» **Activity**
Write out exactly the lines below starting at the one containing "소비자들이 기존의 폰을" and ending at the one containing "Cave Run is". Omit every picture.
** Opening Dataset block **
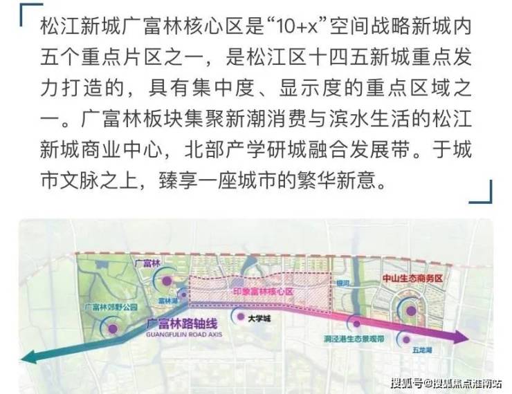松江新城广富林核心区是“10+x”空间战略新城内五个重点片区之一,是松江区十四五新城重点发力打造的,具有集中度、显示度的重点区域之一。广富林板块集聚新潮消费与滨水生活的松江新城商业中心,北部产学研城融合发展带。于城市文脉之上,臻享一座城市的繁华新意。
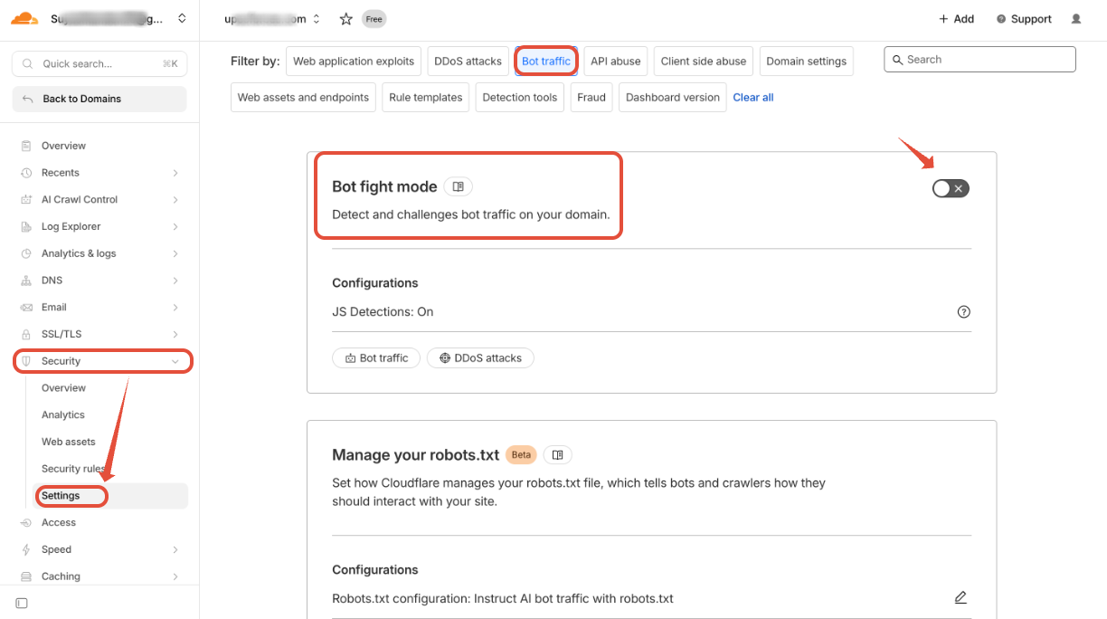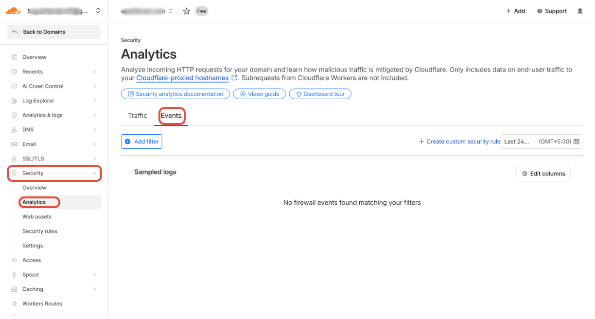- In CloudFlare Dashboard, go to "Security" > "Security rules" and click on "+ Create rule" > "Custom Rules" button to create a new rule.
** Closing Dataset block **
** Opening Dataset block **
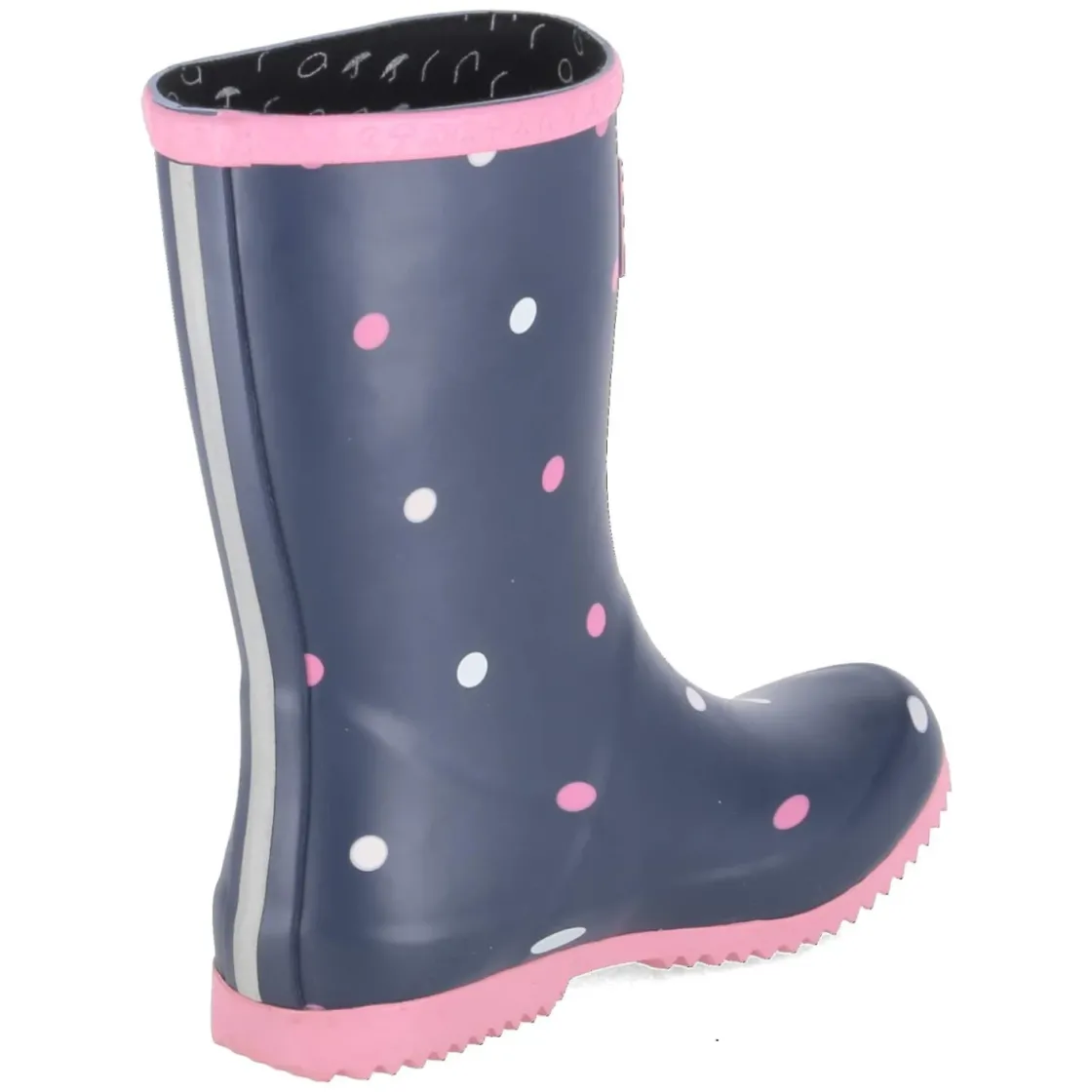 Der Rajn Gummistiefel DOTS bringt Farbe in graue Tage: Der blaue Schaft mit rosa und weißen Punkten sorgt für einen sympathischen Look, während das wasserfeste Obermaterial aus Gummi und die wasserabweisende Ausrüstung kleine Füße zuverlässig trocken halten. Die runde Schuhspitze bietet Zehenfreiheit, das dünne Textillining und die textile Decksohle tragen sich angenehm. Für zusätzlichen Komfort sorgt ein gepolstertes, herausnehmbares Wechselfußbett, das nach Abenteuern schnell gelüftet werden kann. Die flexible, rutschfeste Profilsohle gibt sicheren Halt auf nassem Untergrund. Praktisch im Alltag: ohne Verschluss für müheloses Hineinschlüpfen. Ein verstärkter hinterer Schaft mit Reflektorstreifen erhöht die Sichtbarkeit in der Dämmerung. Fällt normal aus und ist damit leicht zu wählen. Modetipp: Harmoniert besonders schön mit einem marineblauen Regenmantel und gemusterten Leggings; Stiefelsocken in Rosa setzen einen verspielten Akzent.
** Closing Dataset block **
** Opening Dataset block **
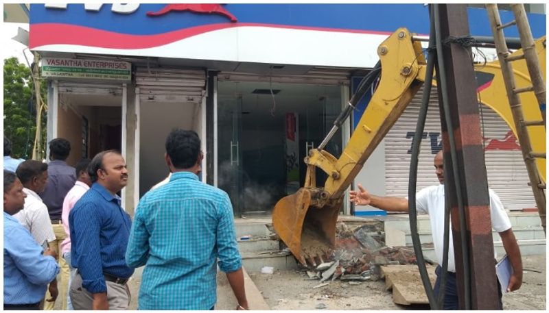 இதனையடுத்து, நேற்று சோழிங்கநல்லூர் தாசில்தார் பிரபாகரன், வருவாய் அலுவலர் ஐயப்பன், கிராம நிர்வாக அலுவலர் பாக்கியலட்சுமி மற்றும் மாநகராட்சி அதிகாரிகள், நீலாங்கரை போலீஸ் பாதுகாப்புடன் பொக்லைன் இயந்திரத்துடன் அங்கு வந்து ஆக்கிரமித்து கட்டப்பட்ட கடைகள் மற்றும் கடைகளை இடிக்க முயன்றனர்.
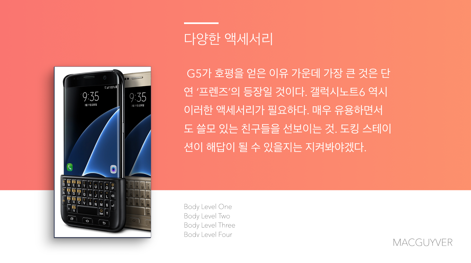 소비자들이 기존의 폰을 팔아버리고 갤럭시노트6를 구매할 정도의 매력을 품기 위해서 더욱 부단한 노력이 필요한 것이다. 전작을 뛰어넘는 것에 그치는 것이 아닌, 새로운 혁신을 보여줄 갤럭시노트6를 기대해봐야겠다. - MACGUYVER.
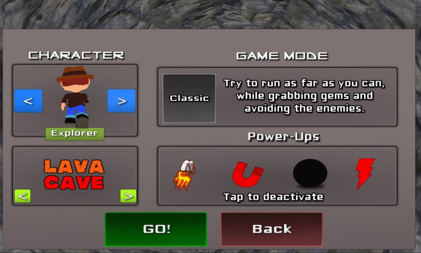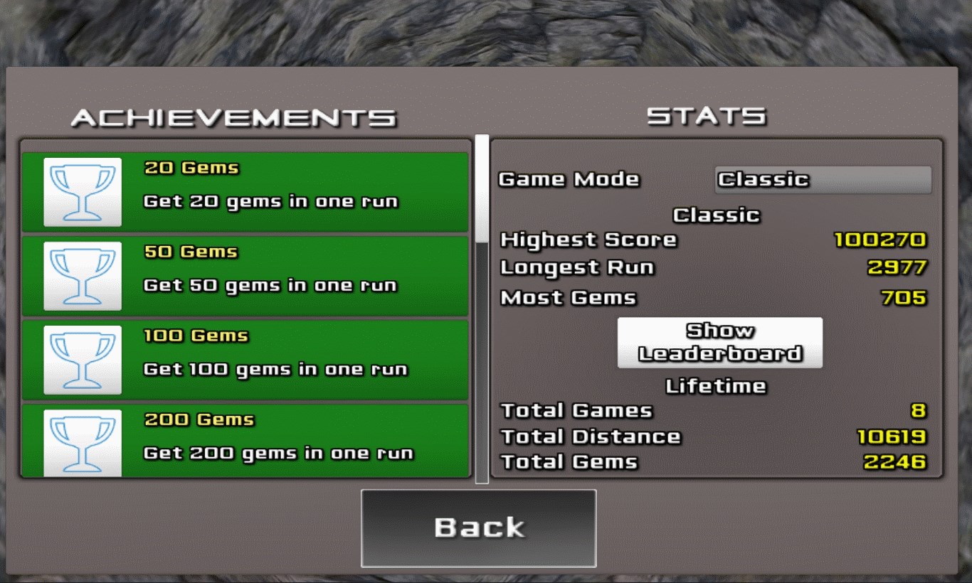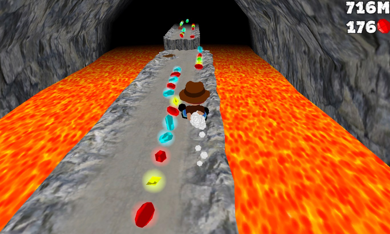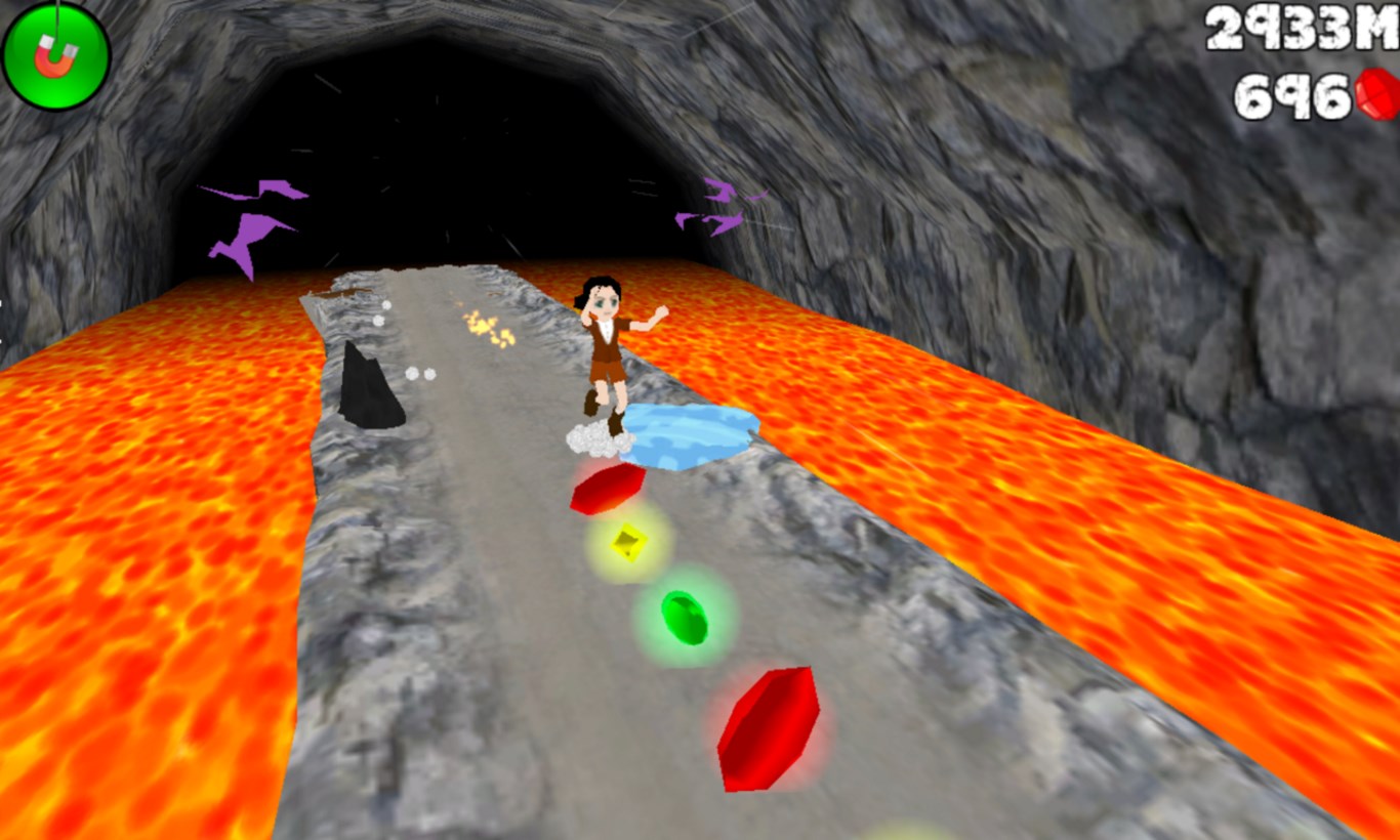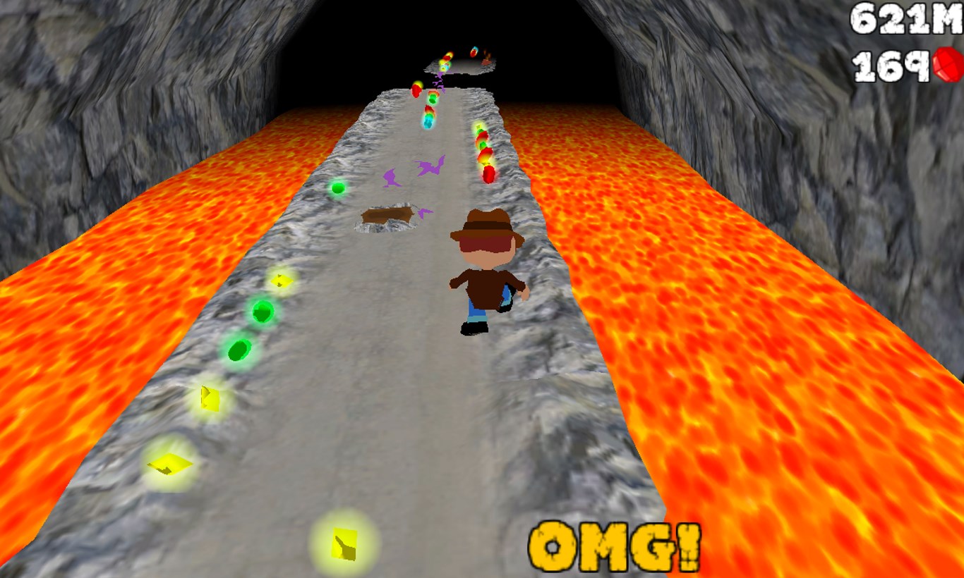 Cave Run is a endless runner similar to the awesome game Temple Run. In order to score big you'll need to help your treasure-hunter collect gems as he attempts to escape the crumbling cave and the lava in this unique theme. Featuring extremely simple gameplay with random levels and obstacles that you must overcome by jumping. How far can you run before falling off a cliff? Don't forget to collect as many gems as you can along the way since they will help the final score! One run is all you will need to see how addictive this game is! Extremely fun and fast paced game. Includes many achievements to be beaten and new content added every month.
** Closing Dataset block **
» **Written response**
 소비자들이 기존의 폰을 팔아버리고 갤럭시노트6를 구매할 정도의 매력을 품기 위해서 더욱 부단한 노력이 필요한 것이다. 전작을 뛰어넘는 것에 그치는 것이 아닌, 새로운 혁신을 보여줄 갤럭시노트6를 기대해봐야겠다. - MACGUYVER.
 Cave Run is a endless runner similar to the awesome game Temple Run. In order to score big you'll need to help your treasure-hunter collect gems as he attempts to escape the crumbling cave and the lava in this unique theme. Featuring extremely simple gameplay with random levels and obstacles that you must overcome by jumping. How far can you run before falling off a cliff? Don't forget to collect as many gems as you can along the way since they will help the final score! One run is all you will need to see how addictive this game is! Extremely fun and fast paced game. Includes many achievements to be beaten and new content added every month.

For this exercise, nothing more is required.